My experience on these surprise post closing value collapse instances has been that there was little or no actual forensic examination of the franchisee relationship itself. Franchisees are rarely interviewed. Individual operating files get maybe spot check examinations, and they are rarely kept all in one place. There are operating files, advertising files and compliance/enforcement files somewhere on the "premises". I strongly believe the seller company is fearful of a close look and that the buyers know that. The due diligence team is instructed not to look into chastity issues because this groom really has the hots for this bride.
This is especially so for over the hill companies that buy other over the hill companies in the same business to make it appear that they are still growing even though the industry itself is shrinking. The shrinkage is often due to technological changes, a buggy whip effect. All the ones who see it coming sell to those who want to stretch the appearance of continued substantial unit growth even in the decay stage of the industry's life cycle.
Faking countercyclical force will work for a while, because the Item 20 information is never viewed in light of the reasons for the apparent counter cyclicality. Most of the time the franchisee investors are incapable of that level of due diligence sophistication anyway, so there is no need to worry about them linking up the acquisition history's impact upon Item 20. There are many other franchisee file issues reflecting upon valuing them at par. Taking an actuarial approach in evaluating them is OK if you are ready for and expect the surprises.
I strongly suspect that the surprise depreciation in value post acquisition may be due to the manner if its evaluation. Without forensic due diligence on the actual franchisee relationships themselves; with a gestalt assessment of historical Item 20 information; and with a triage approach to franchisee gross revenue analysis, a more reliable prospect may be available. After all, the company is worth some function of the gross sales of its franchisees because the franchisor's expectation of revenue is a direct function of that stream. It is how that stream is evaluated, the formula if you will, that determines the likelihood that the price will reflect a closer approach to its fair value.
To be sure, the price arrived at through that approach may well not be acceptable to the seller. Those are the situations in which earn out variable pricing can sort out the issues. The acquiring company does not pay for value that is not there, and the seller gets his price if his estimation of value is correct. Of course, in a declining market, the result will be somewhere in the middle.
This could go on for at least several chapters, but this should suffice to highlight the fact that often under examined issues arise to prevent or obstruct achievement of the goals of very attractive, positive transactions.
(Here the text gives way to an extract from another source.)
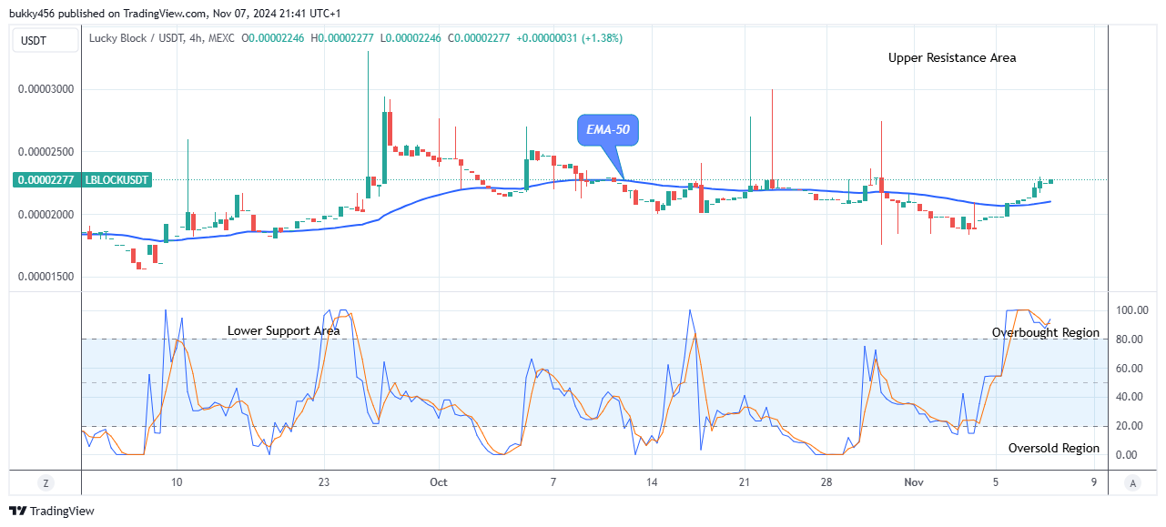 The bulls increased the Lucky Block value to the $0.0000227 resistance level above the EMA-50 shortly after the 4-hourly chart opens today, approaching the upper resistance levels.

No company keeps resources in house to deal with these kinds of issues.
Few, if any, of the major consulting/financial management firms are tuned up on this either. It deserves serious consideration; perhaps greater scope education regarding how these major transactions are planned and implemented; and perhaps simply adding to the vetting team someone with the experience and insights to present them in a form which enables them to be dealt with timely and constructively.
Hart, Scott, Rodino registration and negotiation processes are beyond the scope of his article, although the potential impact of resistance to the transaction by the government on any of numerous grounds must always be addressed specifically in any agreement.